## TASK TO CARRY OUT:
The required output is the exact run of lines in the listing below from the line holding "더불어민주당 조용식 익산시장" through the line holding "Na mizah vas", with no pictures.

## DATASET EXTRACT:
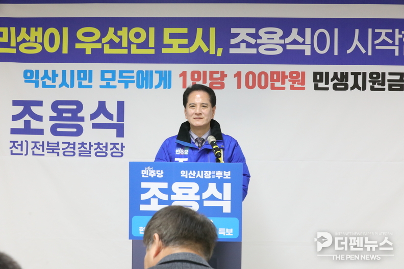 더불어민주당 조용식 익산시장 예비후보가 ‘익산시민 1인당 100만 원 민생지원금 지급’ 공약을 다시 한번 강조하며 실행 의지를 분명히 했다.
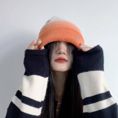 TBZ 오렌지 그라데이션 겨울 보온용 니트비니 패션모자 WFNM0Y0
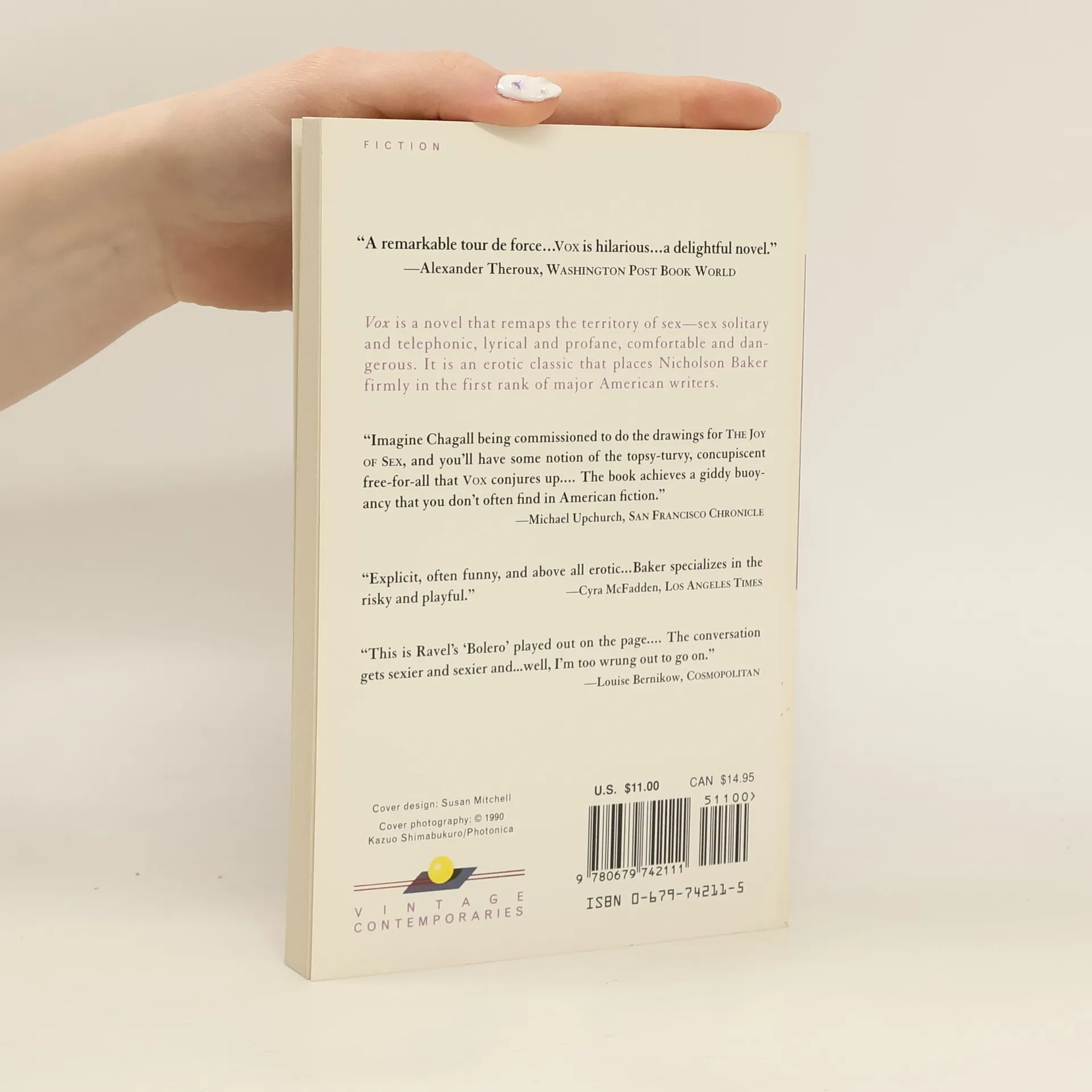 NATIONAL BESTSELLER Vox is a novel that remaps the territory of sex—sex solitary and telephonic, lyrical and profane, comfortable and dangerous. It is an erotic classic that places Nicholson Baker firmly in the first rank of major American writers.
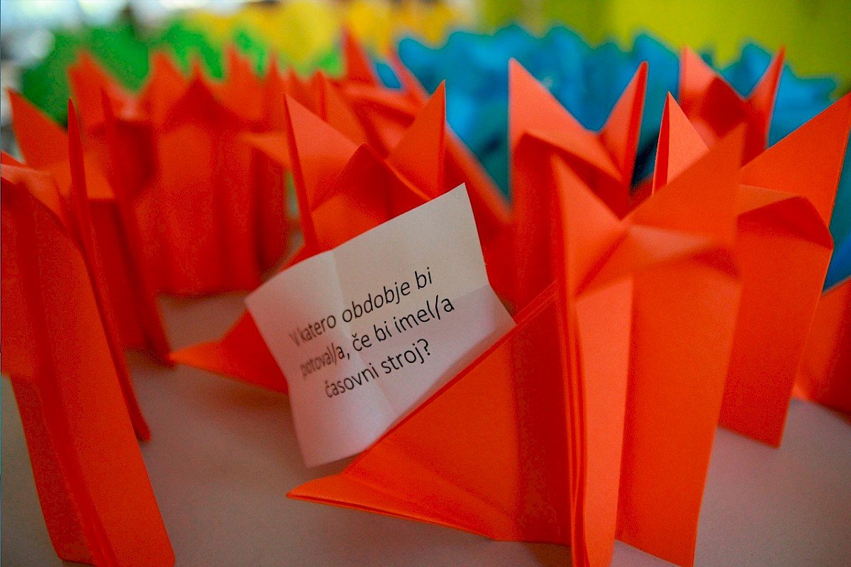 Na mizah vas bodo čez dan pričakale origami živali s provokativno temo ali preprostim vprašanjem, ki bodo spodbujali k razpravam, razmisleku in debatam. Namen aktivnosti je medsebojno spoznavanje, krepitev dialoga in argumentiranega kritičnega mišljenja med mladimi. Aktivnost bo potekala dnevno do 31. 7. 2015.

--

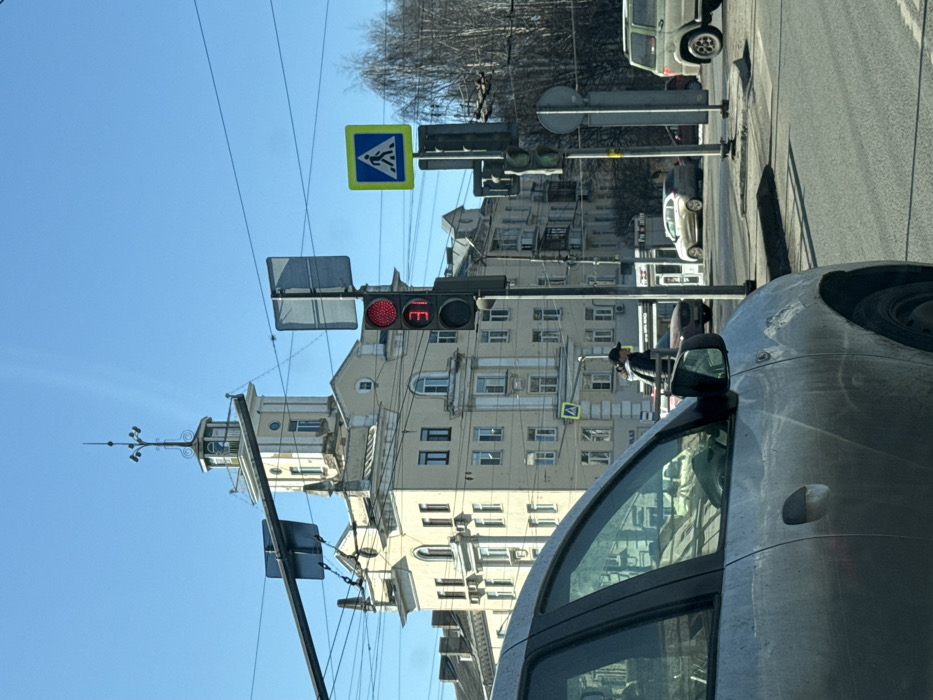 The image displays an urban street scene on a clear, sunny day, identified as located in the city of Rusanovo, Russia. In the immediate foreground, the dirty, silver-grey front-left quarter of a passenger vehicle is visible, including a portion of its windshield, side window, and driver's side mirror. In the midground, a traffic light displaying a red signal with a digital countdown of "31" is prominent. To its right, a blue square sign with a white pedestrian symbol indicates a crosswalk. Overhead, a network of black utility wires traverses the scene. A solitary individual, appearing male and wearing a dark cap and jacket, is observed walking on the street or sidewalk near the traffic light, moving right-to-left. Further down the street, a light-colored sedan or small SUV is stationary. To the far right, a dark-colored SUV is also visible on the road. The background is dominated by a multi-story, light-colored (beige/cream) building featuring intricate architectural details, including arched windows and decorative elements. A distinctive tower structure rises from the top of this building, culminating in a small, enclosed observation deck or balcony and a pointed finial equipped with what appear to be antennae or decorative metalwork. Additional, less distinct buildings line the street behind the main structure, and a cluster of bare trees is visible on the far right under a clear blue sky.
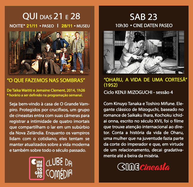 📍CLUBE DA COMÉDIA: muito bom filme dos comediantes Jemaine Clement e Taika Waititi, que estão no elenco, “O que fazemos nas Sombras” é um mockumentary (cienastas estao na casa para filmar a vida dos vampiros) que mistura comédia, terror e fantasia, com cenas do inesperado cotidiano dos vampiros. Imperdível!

## SOLUTION TO THE EXERCISE:
 더불어민주당 조용식 익산시장 예비후보가 ‘익산시민 1인당 100만 원 민생지원금 지급’ 공약을 다시 한번 강조하며 실행 의지를 분명히 했다.
 TBZ 오렌지 그라데이션 겨울 보온용 니트비니 패션모자 WFNM0Y0
 NATIONAL BESTSELLER Vox is a novel that remaps the territory of sex—sex solitary and telephonic, lyrical and profane, comfortable and dangerous. It is an erotic classic that places Nicholson Baker firmly in the first rank of major American writers.
 Na mizah vas bodo čez dan pričakale origami živali s provokativno temo ali preprostim vprašanjem, ki bodo spodbujali k razpravam, razmisleku in debatam. Namen aktivnosti je medsebojno spoznavanje, krepitev dialoga in argumentiranega kritičnega mišljenja med mladimi. Aktivnost bo potekala dnevno do 31. 7. 2015.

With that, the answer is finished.